> [What is required] Leave the pictures out. Transcribe exactly every line from the start of the records through the one containing "Electric blanket with controller on a sofa".

Recorded data:
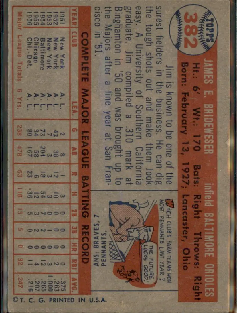 1957 Topps #382 Jim Brideweser - (pk1) - Baltimore Orioles
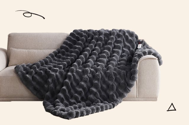 Electric blanket with controller on a sofa
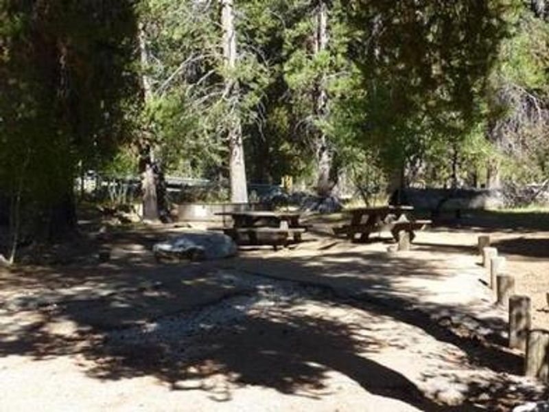 Jackass Meadow Campground is situated below Florence Lake on the San Joaquin River in a scenic high Sierra setting surrounded by the craggy peaks of the John Muir Wilderness. The campground sits in a stand of aspen and lodgepole pine with the South Fork of the San Joaquin running through the property. Each campsite has a table, fire ring, grill, and bear-proof food locker. The campground is located near several Native American archaeological sites and features a 0.7-mile accessible hiking trail. Most recreation opportunities center around Florence Lake, located half a mile away, where the Florence Lake Store offers boat rentals, supplies, groceries, and ferry service. A popular activity is taking the ferry from Florence Lake to access the John Muir Trail, which is part of the Pacific Crest Trail. Access is via Kaiser Pass Road, which includes both paved and dirt sections. The road is not recommended for large RVs, with a maximum vehicle length of 25 feet. Campers should bring mosquito repellent and note that campfire wood can be purchased from the campground host.
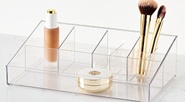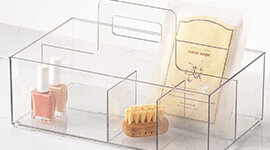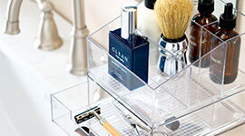 The Container Store Bath & Cosmetic Packs are designed to create a structured, clutter-free environment across vanities, drawers, and bathroom shelves. Featuring a curated selection of stacking organisers, drawers, angled cosmetic holders, and caddies, each pack provides clearly defined storage zones for skincare, makeup, hair tools, and everyday essentials.
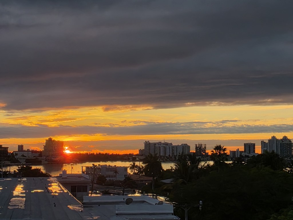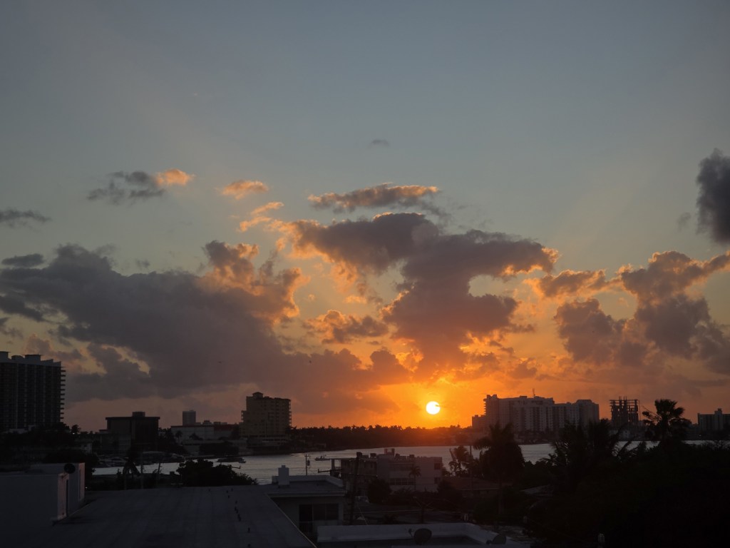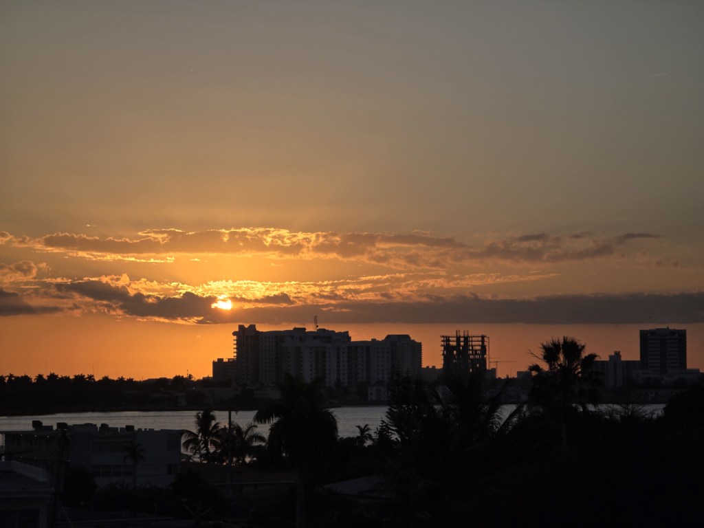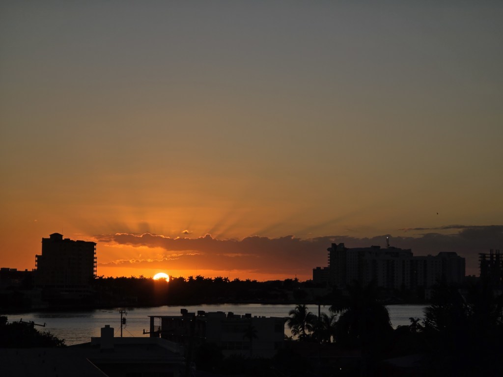 Here the sun is setting just to the right of that building.The sun is moving even further to the right.Here it is even further to the right.It looks like it is going to hit those buildings. Last night the sun lit up that building to the far right that is still under construction.
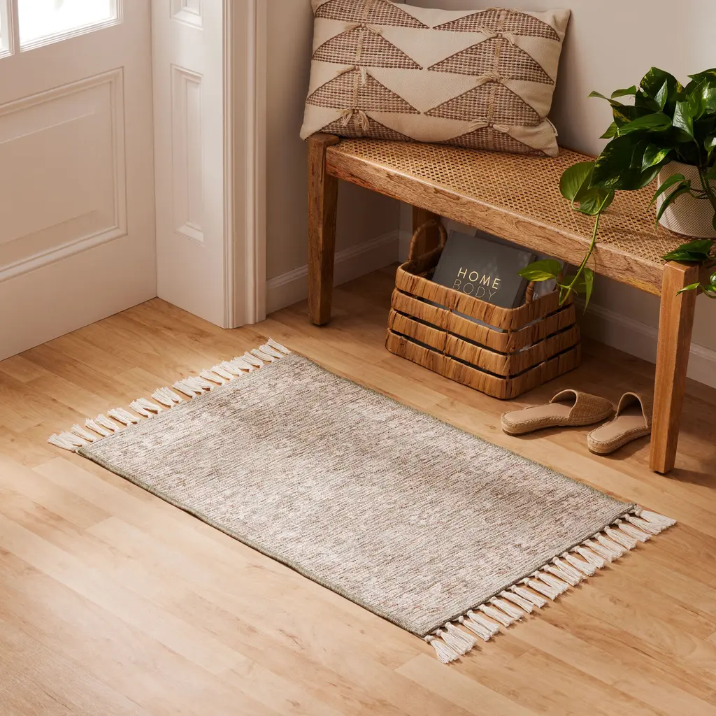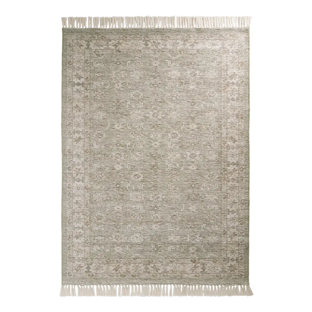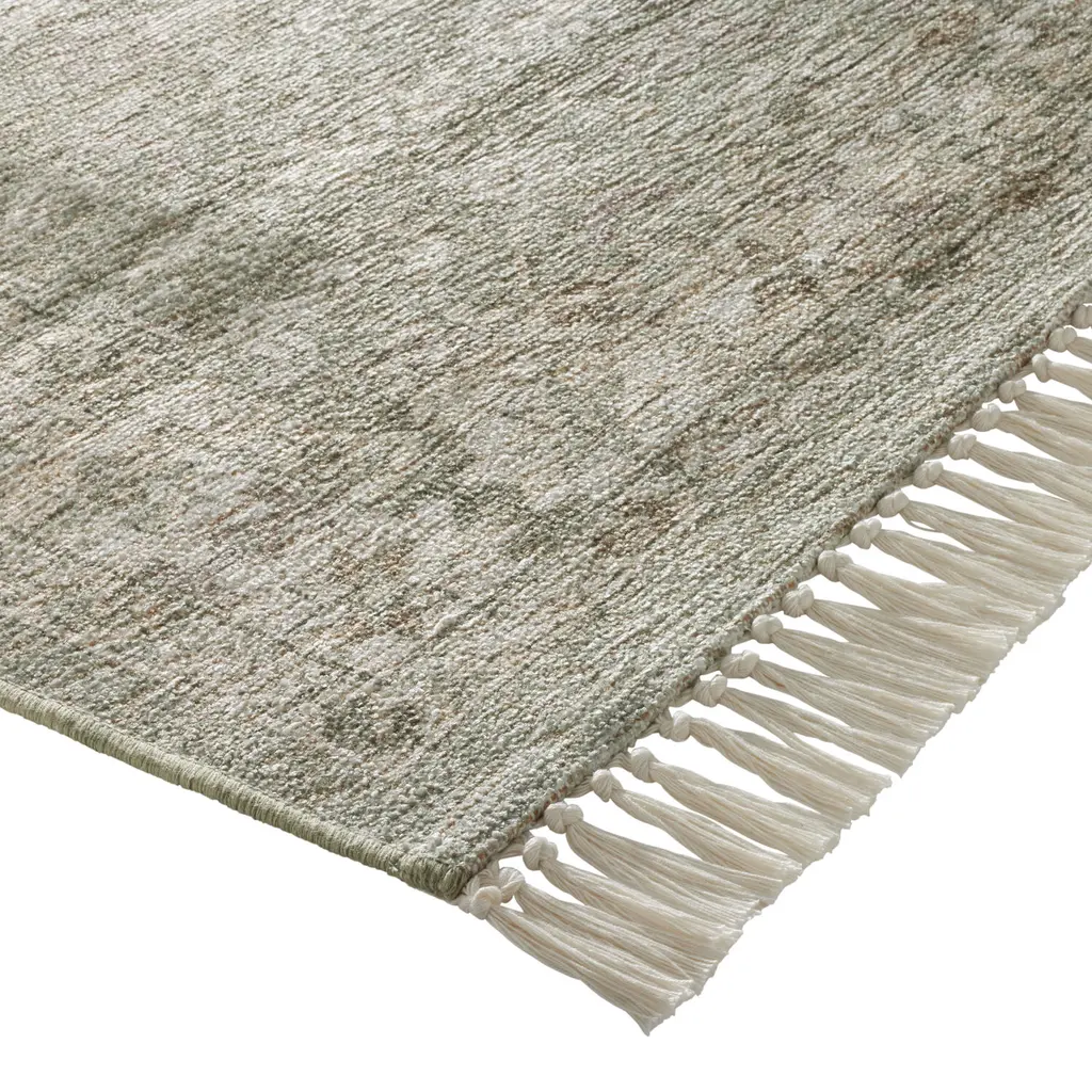 Featuring a machine-washable weave with an upscale texture, our Dani rug accents high-traffic spaces with antique floral motifs in sage green and beige. Soft, durable and family friendly, this washable area rug is strengthened by a backing, finished with ivory tassels and certified free of harmful chemicals. Dani's serene color palette and sumptuous hand feel are presented in a selection of easy-care sizes to refresh busy indoor living areas.
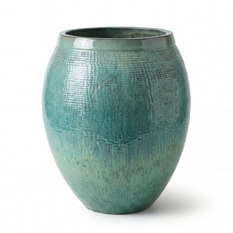 Pot grande taille d'extérieur POSEIDON 46x55cm jade, fait main en terre cuite émaillée, résistant au gel
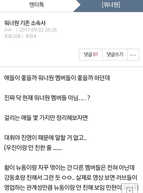 댓글 랭킹순으로 들어가서 추천 가장 많은 먹금 짤 좋아요 눌러주고 절대 댓글 달지말고!! 신고해줘 이거 백퍼 우리 욕먹이려는 ㅇㄱㄹ글이야 워너원 기존 소속사 http://zul.im/0BoINp

> [Exercise answer]
 1957 Topps #382 Jim Brideweser - (pk1) - Baltimore Orioles
 Electric blanket with controller on a sofa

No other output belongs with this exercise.